:: Try it ::
Please restate the records below word for word, leaving out every picture.

[Collected data]
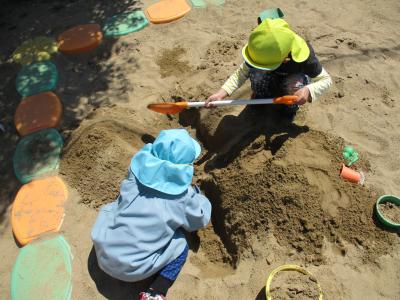 その後は砂場遊び。小学校のお兄さんが見に来てくれました。
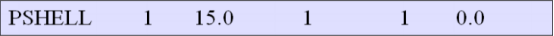 o PSHELL 编号 1,包括材料类型编号 1,以及厚度为 5 的三项参数定义。
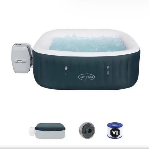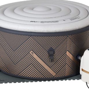 Oppblåsbart boblebad i rektangulær form i grå og hvit farge. Badet har oppblåsbare vegger og kant, og leveres med separat oppblåsbart lokk. Egnet for bruk utendørs eller innendørs der det er tilrettelagt for vann og avløp. Materialet er typisk slitesterk PVC eller lignende plastmateriale beregnet for vann og utendørsbruk. Boblebadet passer til avslapning og bading for flere personer, avhengig av størrelse og vannkapasitet. Det kan tømmes og pakkes sammen for lagring når det ikke er i bruk.
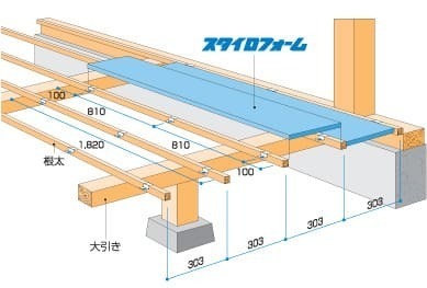 最近では(右図)のように根太ではなく大引間に入れるので10センチや12センチの断熱材空間があるので壁と同じ断熱性能も可能です。
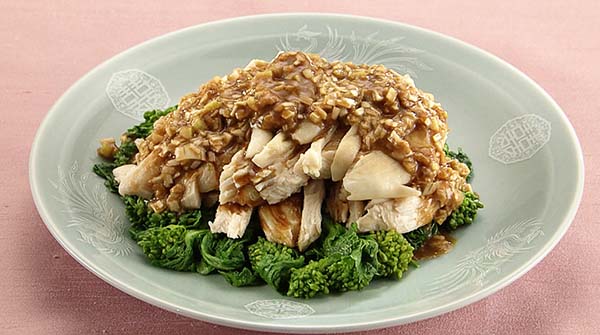 鶏胸肉をしっとりとゆで上げ、その旨みが残ったゆで汁で菜の花を仕上げるのがポイントです。
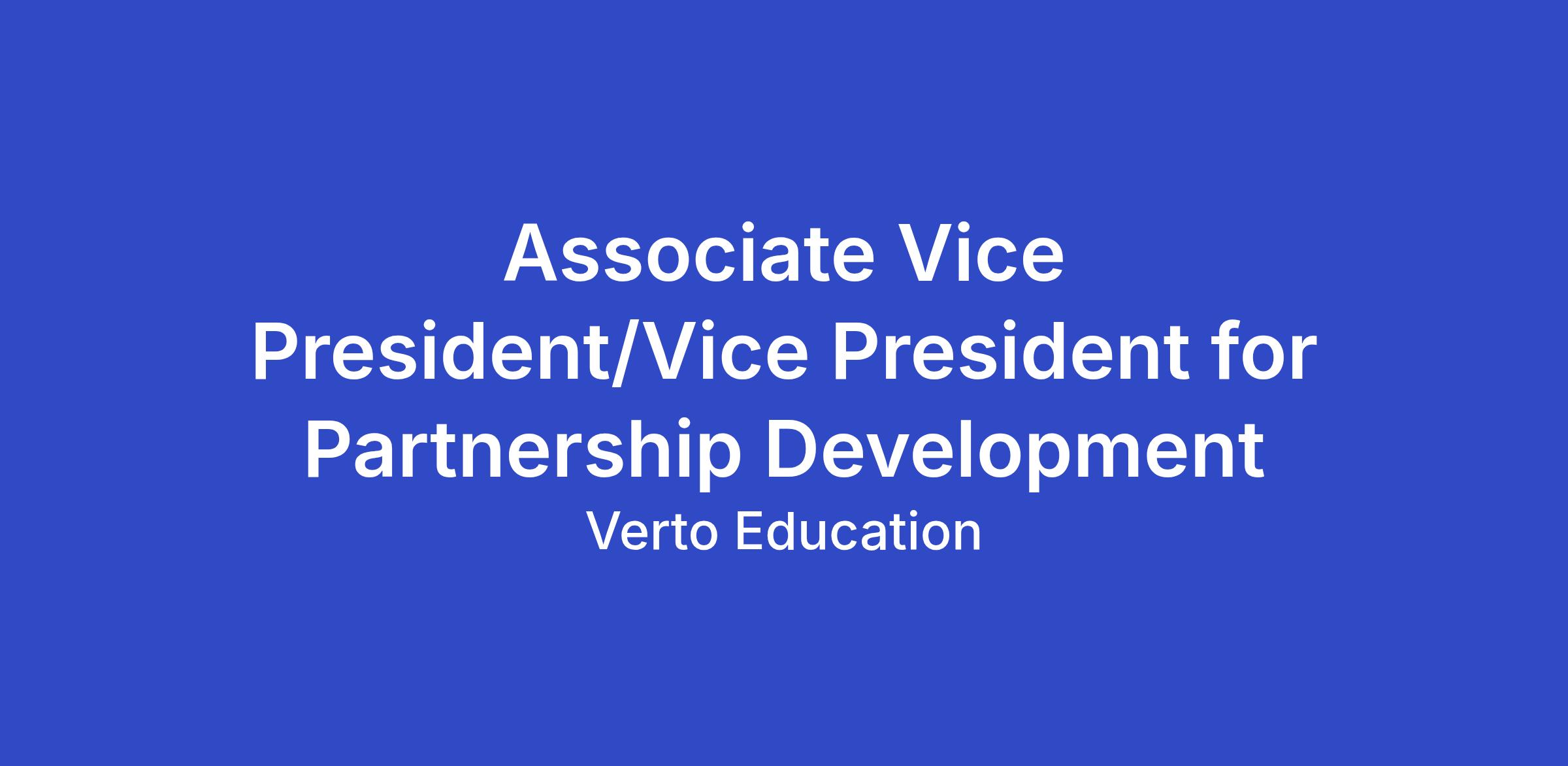 The Associate Vice President/Vice President for Partnership Development (AVPPD) provides strategic leadership and sets the vision for the development, significant growth, and execution of new university partnerships to advance the organization’s mission and ambitious growth objectives. Accountable for the strategic health, long-term sustainability, and significant expansion of mutually beneficial partnerships, this role directly drives substantial increases in enrollment, enhances brand awareness, and expands pathways for Verto participants through proactive innovation and the strategic evolution of Verto’s enrollment programs and services.
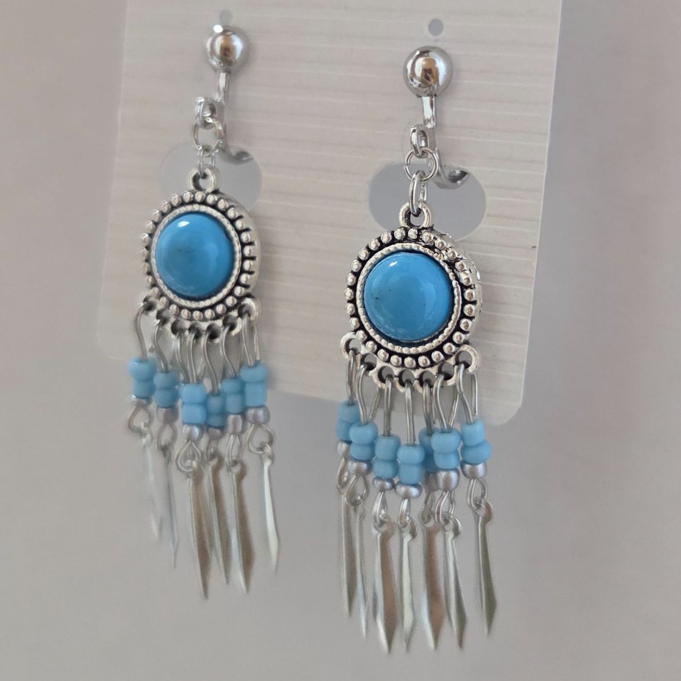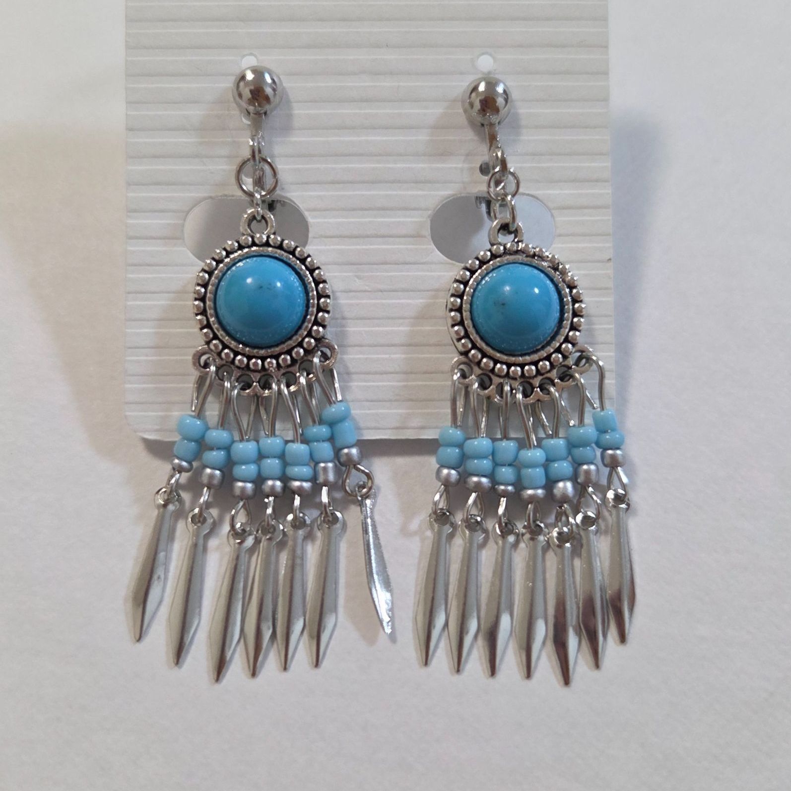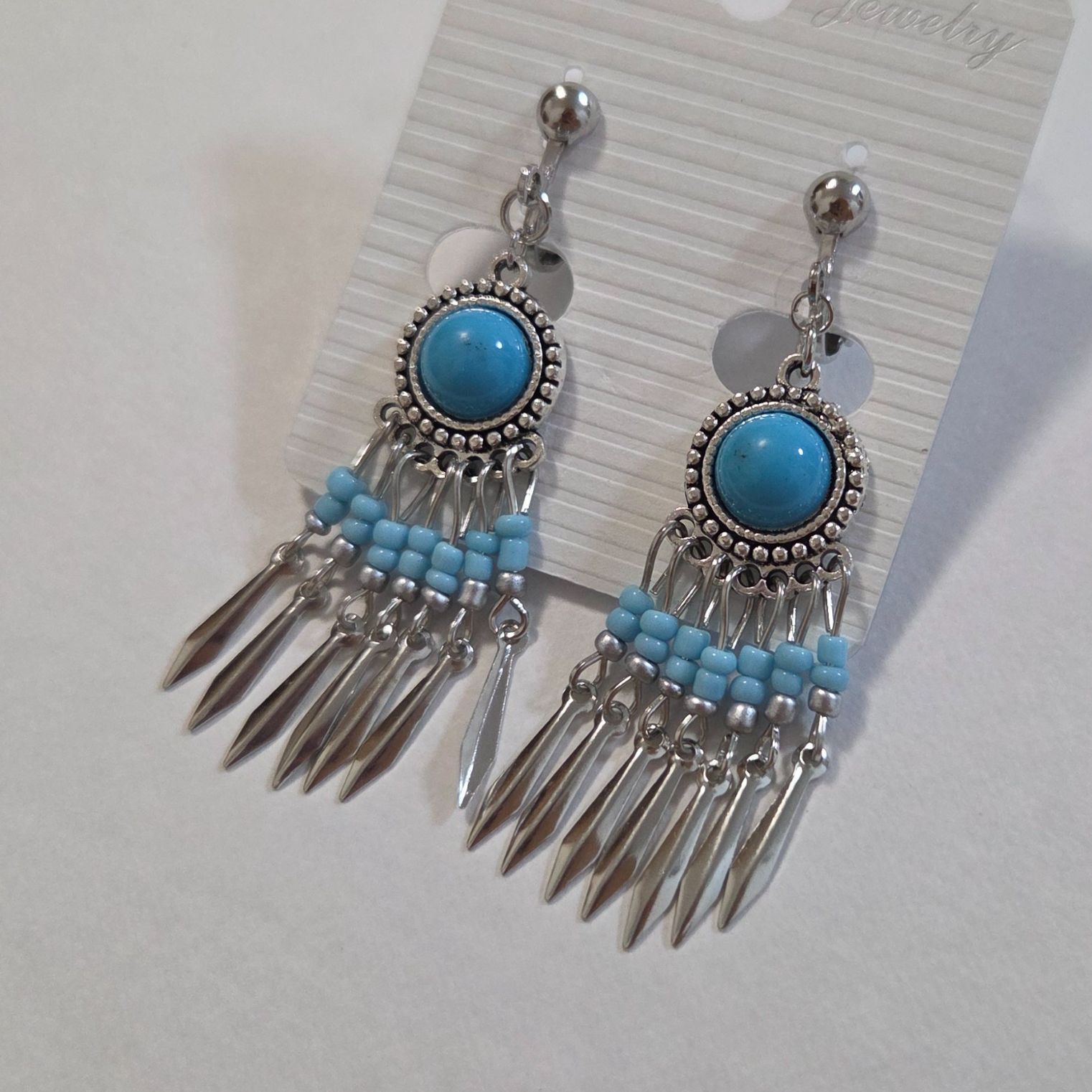 フリンジデザインのシルバーイヤリング、ビーズとターコイズ調装飾付き。
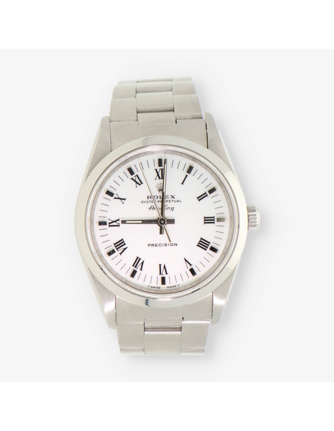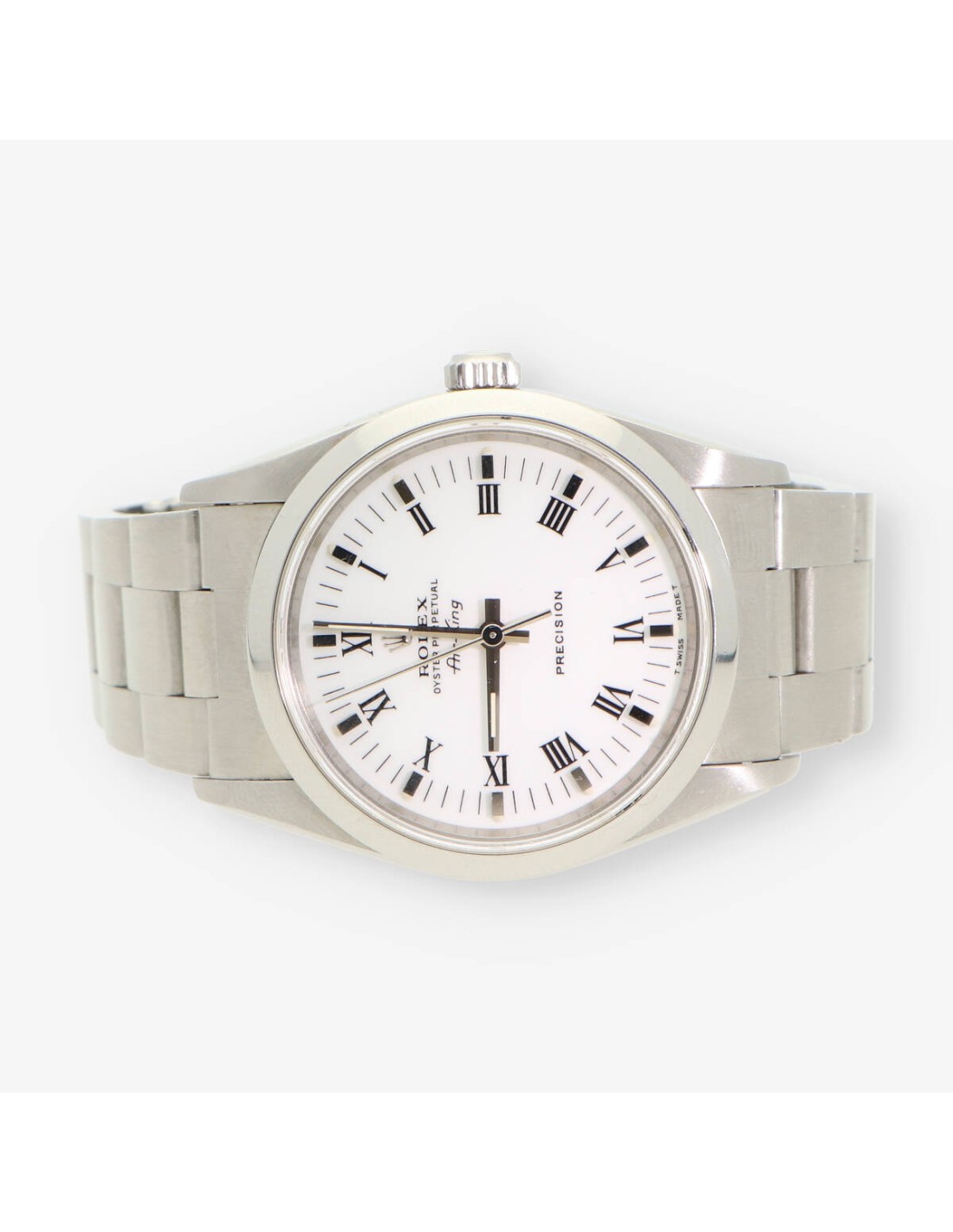 Magnifico Rolex Perpetual de segunda mano en perfecto estado de marcha y conservación. Ref: 14000 con cuerda automática con una reserva de marchas de 42 horas. Caja de 34mm en acero, cristal zafiro, fondo blanco con números romanos. Correa y cierre en acero. Año aproximado 1996.
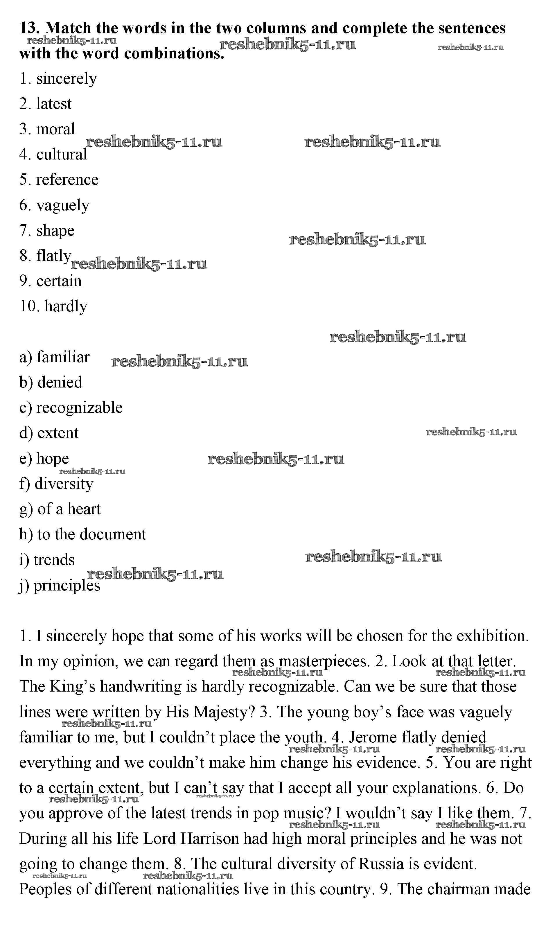 Готовая домашняя работа с ответами по Английскому языку за 11 класс Афанасьева, Михеева, Баранова Рабочая тетрадь Rainbow Базовый уровень Дрофа 2016 ФГОС - Unit 2. Steps to Understanding Culture 13

:: Response for this exercise ::
 その後は砂場遊び。小学校のお兄さんが見に来てくれました。
 o PSHELL 编号 1,包括材料类型编号 1,以及厚度为 5 的三项参数定义。
 Oppblåsbart boblebad i rektangulær form i grå og hvit farge. Badet har oppblåsbare vegger og kant, og leveres med separat oppblåsbart lokk. Egnet for bruk utendørs eller innendørs der det er tilrettelagt for vann og avløp. Materialet er typisk slitesterk PVC eller lignende plastmateriale beregnet for vann og utendørsbruk. Boblebadet passer til avslapning og bading for flere personer, avhengig av størrelse og vannkapasitet. Det kan tømmes og pakkes sammen for lagring når det ikke er i bruk.
 最近では(右図)のように根太ではなく大引間に入れるので10センチや12センチの断熱材空間があるので壁と同じ断熱性能も可能です。
 鶏胸肉をしっとりとゆで上げ、その旨みが残ったゆで汁で菜の花を仕上げるのがポイントです。
 The Associate Vice President/Vice President for Partnership Development (AVPPD) provides strategic leadership and sets the vision for the development, significant growth, and execution of new university partnerships to advance the organization’s mission and ambitious growth objectives. Accountable for the strategic health, long-term sustainability, and significant expansion of mutually beneficial partnerships, this role directly drives substantial increases in enrollment, enhances brand awareness, and expands pathways for Verto participants through proactive innovation and the strategic evolution of Verto’s enrollment programs and services.
 フリンジデザインのシルバーイヤリング、ビーズとターコイズ調装飾付き。
 Magnifico Rolex Perpetual de segunda mano en perfecto estado de marcha y conservación. Ref: 14000 con cuerda automática con una reserva de marchas de 42 horas. Caja de 34mm en acero, cristal zafiro, fondo blanco con números romanos. Correa y cierre en acero. Año aproximado 1996.
 Готовая домашняя работа с ответами по Английскому языку за 11 класс Афанасьева, Михеева, Баранова Рабочая тетрадь Rainbow Базовый уровень Дрофа 2016 ФГОС - Unit 2. Steps to Understanding Culture 13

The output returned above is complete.